On the other hand, it is not interesting to stimulate an undamaged well. This fact is explained in Figure 3 applying the same variables of the previous exercise. qe, in the y-axis, is the caudal of the stimulated well. Notice that in the hypothetical case of a total dissolution of the area surrounding the well, in the first 3 m (10 ft) close to the hole, only a 1.8 productivity increase would be attained. This is the main reason for only applying the stimulation treatment in damaged wells.
DAMAGE RECOGNITION METHODS
A damage in the formation can be suspected when the production of a well is under the estimated one and/ or it experiments a declination rate above the expected one. Nevertheless, there are other mechanical factors adversely affecting the productivity of a well. These factors include low perforating density, small size of the hole, partial penetration, low quality of cement setting, and compressive effects of the formation.

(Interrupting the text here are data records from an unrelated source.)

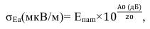 Поскольку напряжение помехи пропорционально напряженности поля в точке приема, то по аналогичной формуле можно определять превышение напряженности поля атмосферной помехи в точке приема относительно медианного значения:
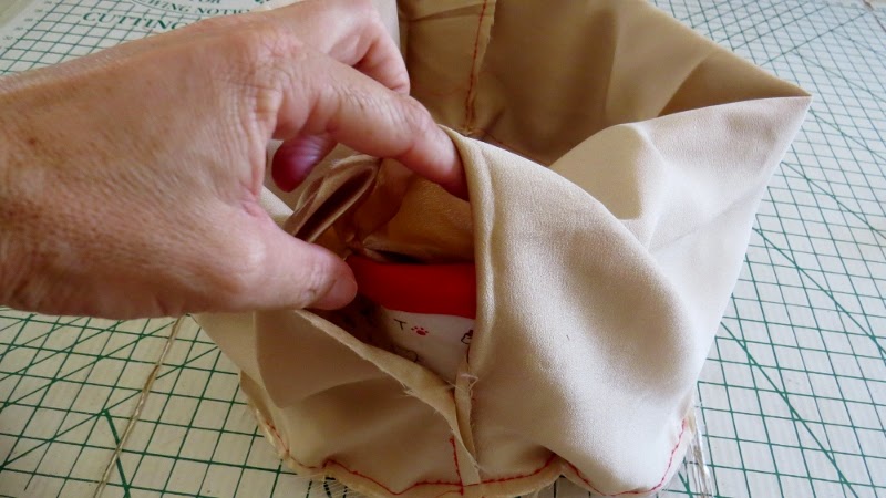 Slip the outer bag inside the inner bag which is inside out. So the right sides of the inner and outer bag are facing each other.
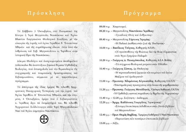 Το Σάββατο 3 Οκτωβρίου η Ιερά Μητρόπολη Ναυπάκτου και Αγίου Βλασίου διοργανώνει Θεολογικό Συνέδριο.
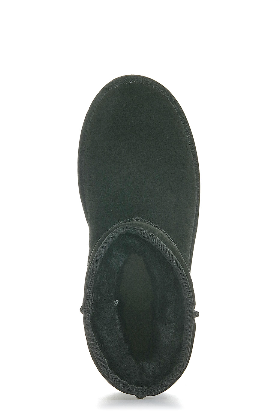 Унты выполнены из натуральной замши, верх оформлен объемными швами. Задник укреплен вставкой и дополнен логотипом бренда. Внутренняя отделка из натуральной шерсти.
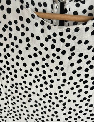 Vestido de tirantes con un llamativo estampado geométrico en blanco y negro. El diseño presenta un escote en V y una silueta fluida que cae con gracia. - Diseño sin mangas. - Tejido ligero con estampado de cuadros y líneas. Fotos con medidas Aunque la etiqueta pone 42 yo creo que es una M o L

A systematic analysis of the problem at any stage of the development of the well and of the field is required in order to define the real formation damage. Some of the techniques available for the identification of the damage are the DST (Drill Stem Test), electric logs, mechanical profile of the wells, production record, comparison of production performance of offset wells, pressure transient wee tests analysis, production tests and laboratory analysis.
Drill Stem Tests
The DST tests are used during the first stages of the exploratory drilling of a formation to confirm the production potential. If geochemical analyses of the drilling cuts establish the presence of hydrocarbons but the DST shows a non-productive interval, there is the possibility of damage to the formation.
The pressure data analyses vs. time generated during the DST can be semi-quantitatively used to determine the severity of the damage through calculation of the skin. It is advisable to extreme precautions during the first DSTs because the pressure pulses and the high- pressure differentials can start fine migration. The evaluation of the operation records is required to identify aspects that may have caused damages in the area surrounding the well.

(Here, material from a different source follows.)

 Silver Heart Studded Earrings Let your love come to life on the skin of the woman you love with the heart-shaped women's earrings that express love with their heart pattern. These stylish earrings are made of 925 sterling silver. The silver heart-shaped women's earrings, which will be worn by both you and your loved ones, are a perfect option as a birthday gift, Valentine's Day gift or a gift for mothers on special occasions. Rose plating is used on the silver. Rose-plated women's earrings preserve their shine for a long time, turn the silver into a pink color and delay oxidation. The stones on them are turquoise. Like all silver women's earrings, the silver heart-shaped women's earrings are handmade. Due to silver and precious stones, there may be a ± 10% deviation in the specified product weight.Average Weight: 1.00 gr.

Figure 4 shows a typical DST curve of a high productivity formation with a severe damage. The characteristics that identify the damage in this curve are: a short radius curve in the CDE section, an almost flat slope along DE, an increase immediately after the closing period as in EF, and a large difference between the closing pressure and the pressure at the end of the flow.
If some problems have been identified through the DST and the electric logs, more research is required to determine which of the aspects of the drilling plan or of the completion one is responsible for the poor response of the formation. The daily drilling, cementation and completion and mud programs as well as the completion and stimulation fluids must be checked. If possible, the fluid losses vs. time graphic shall be drawn as to identify the zones with possible losses of high pH filtering. These zones constitute excellent candidates for high damage values.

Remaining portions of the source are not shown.